After I was told I had cancer, I asked doctors for a prognosis. I think that I, like all of us, wanted to hear that there was no reason I couldn't live a long and healthy life. I couldn't get that answer, it would have been irresponsible of the doctors to make false promises; they could only give me statistics. But after 6 months I see the amazement in their faces at the progress I've made, so I do believe I will live a long time. This chemo that is working so well will give me time before I jump to the next stepping stone of better treatments that are cropping up every year. Don't give up, Shanti. A miracle treatment for all of us could be one more stepping stone away.

I agree that he was looking for your response. He turned his back so you could not read his expression. If you had said no to 3, and said 10 he may have said the same thing with 10 in it, "at least 10 years". And he did say at least 3 years.

Mine said 9 to 12 months..... that was 3 and a half years ago. Enough said, lol.

Not to beat a dead horse but I just want to say that for me the issue is the psychological impact on a patient when a set time is given. I know that if my doctor told me 3 years it would be a huge blow and I would have that number in my head. Now I know it's based on treatment and my responding to it. Simply being stage 4 is enough in my opinion to know that we should have our affairs in order. Having said all that I choose to have lots of hope, hope that I will respond well and hope that I will attain remission. Remission is my goal, and hopefully for a nice long while.

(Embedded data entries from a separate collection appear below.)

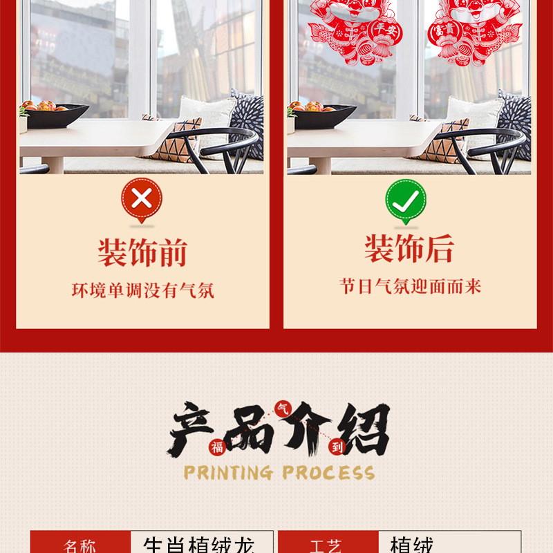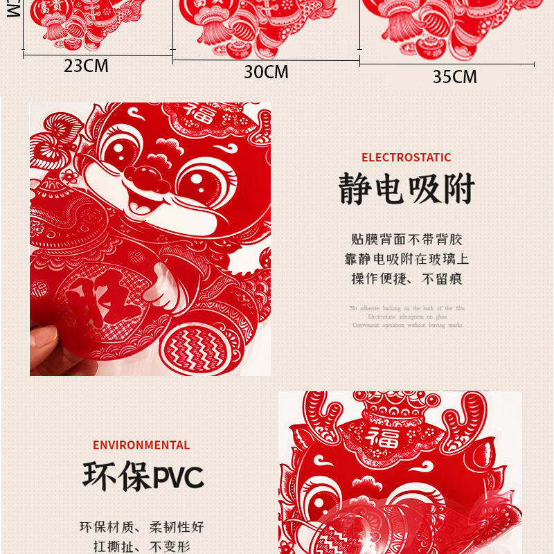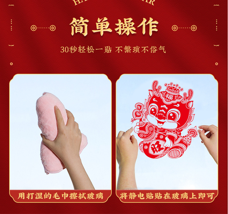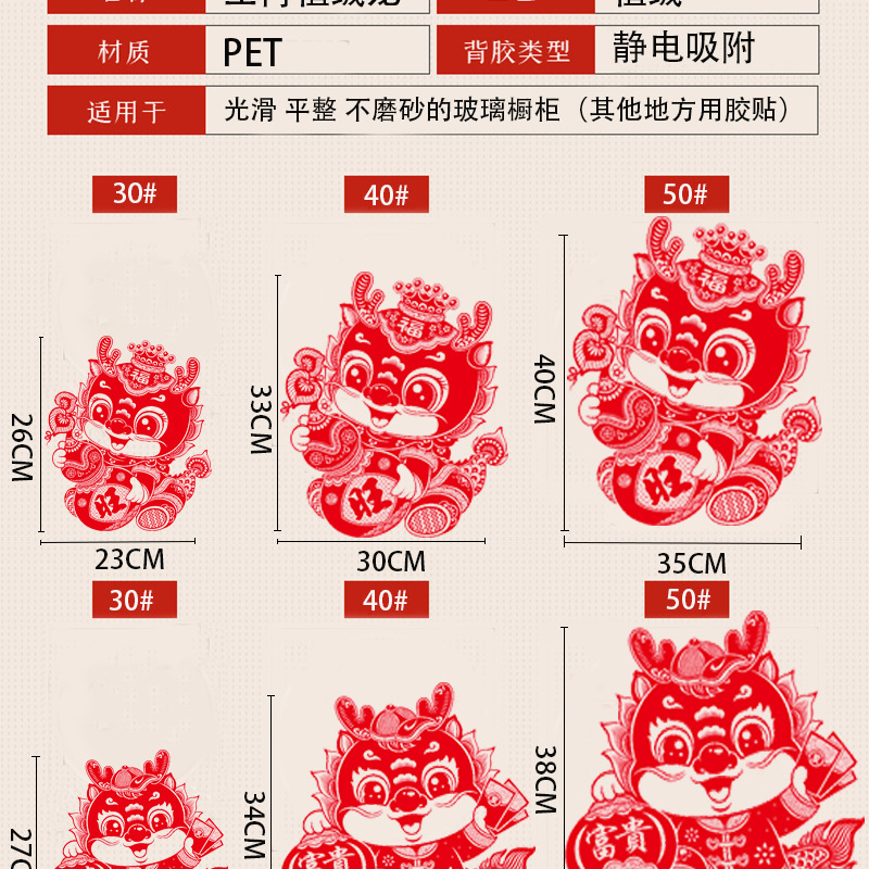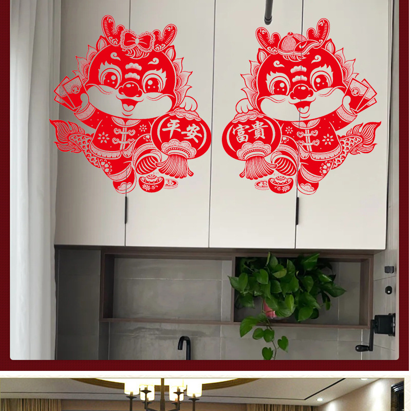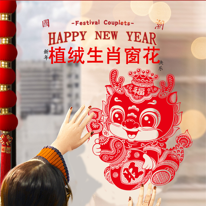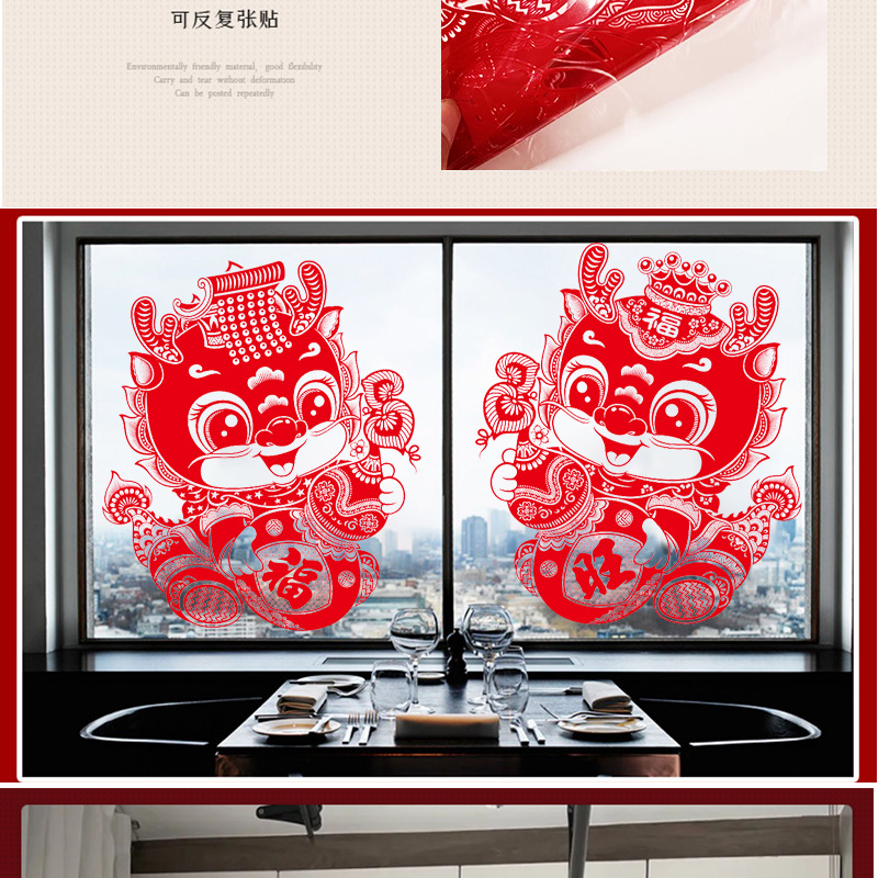 【橱窗装扮,提升格调!】2024龙年生肖绒面加厚剪纸窗花,静电贴门窗贴纸过年春节龙年装饰门,让简约的家居都一起放大光彩!
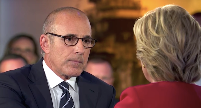 Lauer was pilloried by professional critics and social media users alike for opening the Sept. 7, 2016, debate -- which was hosted by a veterans group and ostensibly focused on national security -- by asking Clinton about her emails.
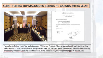 Momen Momen Polemik Investasi Hotel Top Yogyakarta Masih Berlanjut Serah terima Top Malioboro kepada PT Garuda Mitra Sejati. (Foto: PT GMS) NEWS — Saat...
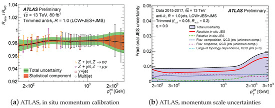 - ATLAS Collaboration. In situ calibration of large-radius jet energy and mass in 13 TeV proton–proton collisions with the ATLAS detector. Eur. Phys. J. C 2019, 79, 135. [Google Scholar] [CrossRef] [Green Version]

Dear Terri, I am a fellow Houstonian and feel compelled to tell you that you must remember it is you who is in the driver seat of your own care. I fired my previous oncologist when she told me (after my lovely stage iv diagnosis) that she had "a patient with a similar scenario to mine who she encouraged to get that motorcycle she always wanted and take a long ride." Well, I took a quick ride out of her office with a complete copy of my chart and began to look for a new doc. May I suggest you may want to give Dr. Khaled Jabboury a call. I believe the man has saved my life and he and I are total collaborators in my plan of care. He's as West Houston Medical Center, 12121 Richmond Avenue suite 100, phone # 281 558-5385. If nothing else, you could just schedule an appt for a consult. I've realized the more smart people you talk to the better. Dr. J. has repeatedly told me that his "goal will always be complete and full remission...and I will never settle for less." He told me recently that he could not come to work each day if he did not believe this. He spent many many years at MD Andersen and I'm sure he knows your doc. Dr. J. thinks outside the box and as an RN I respect him in many many ways (and believe me, I don't say that about a lot of docs!). Good lucky friend. Let me know if I can help in any other way. ps, I'm 22 months out on my liver mets dx and work full time, have a ton of energy and just got back from a kayak trip on lake tahoe...and I never plan on getting a motorcycle....way to dangerous!!